This simple ground beef and veggie skillet is a balanced, high-protein meal that’s quick to make and full of nutrients. Great for meal prep, low-carb diets, or an easy weeknight dinner.


Ingredients

Scale

1 pound lean ground beef (90% lean or higher)

1 tablespoon olive oil

1 bell pepper, chopped

1 zucchini, chopped

1 small onion, diced

2 cloves garlic, minced

1/2 teaspoon salt

1/2 teaspoon black pepper

1/2 teaspoon smoked paprika

1/4 teaspoon dried oregano

1 cup baby spinach (optional)


Instructions

1. In a large skillet, heat olive oil over medium heat. Add onion and cook for 2–3 minutes.

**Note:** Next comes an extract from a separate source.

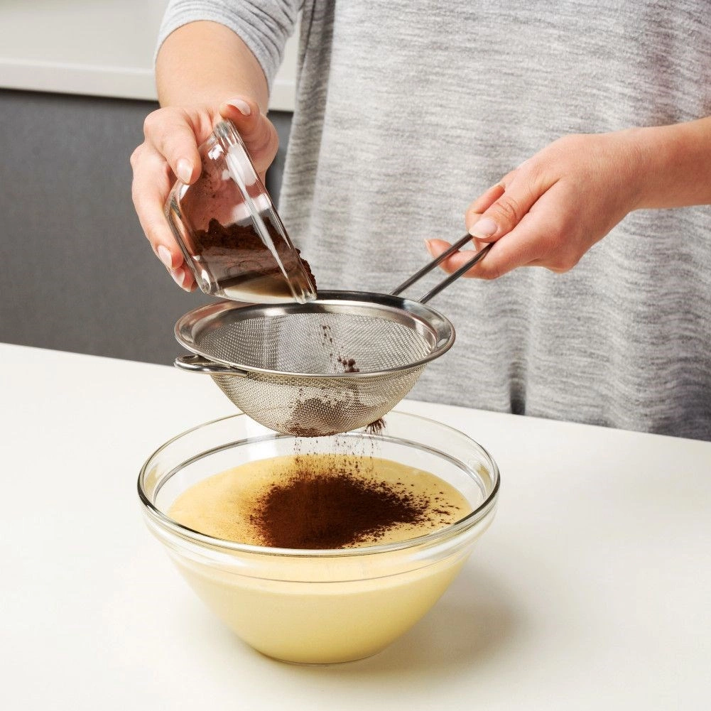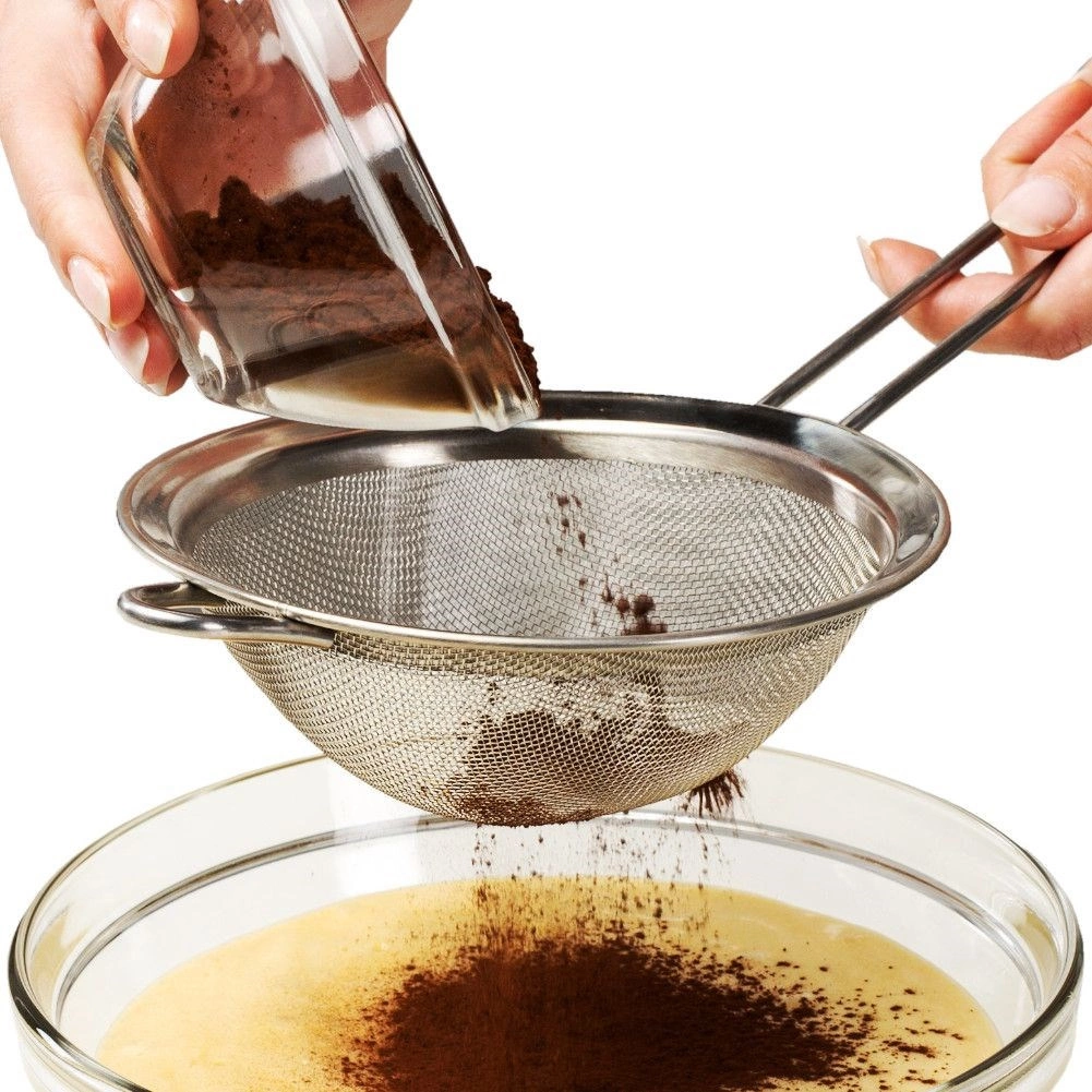 Passoire de cuisine pratique de 15 cm de diamètre en acier inoxydable 304 (18/8) de haute qualité pour la cuisson et la pâtisserie au quotidien. Grâce à sa maille fine et serrée, elle tamise la farine à la perfection, filtre le thé et les bouillons et saupoudre uniformément le sucre, le cacao ou la cannelle. Inox durable, poignée ergonomique, œillet de suspension et possibilité de lavage au lave-vaisselle pour un usage confortable et une longue durée de vie.

2. Add ground beef, breaking it up with a spatula. Cook until browned and cooked through.

3. Stir in garlic, bell pepper, zucchini, and all seasonings. Cook for 5–7 minutes until vegetables are tender.

4. Stir in spinach and cook until wilted, about 1 minute.

5. Taste and adjust seasoning if needed. Serve hot or store for meal prep.

Notes

Use extra-lean beef to lower saturated fat and calories.

This recipe is naturally gluten-free and low-carb.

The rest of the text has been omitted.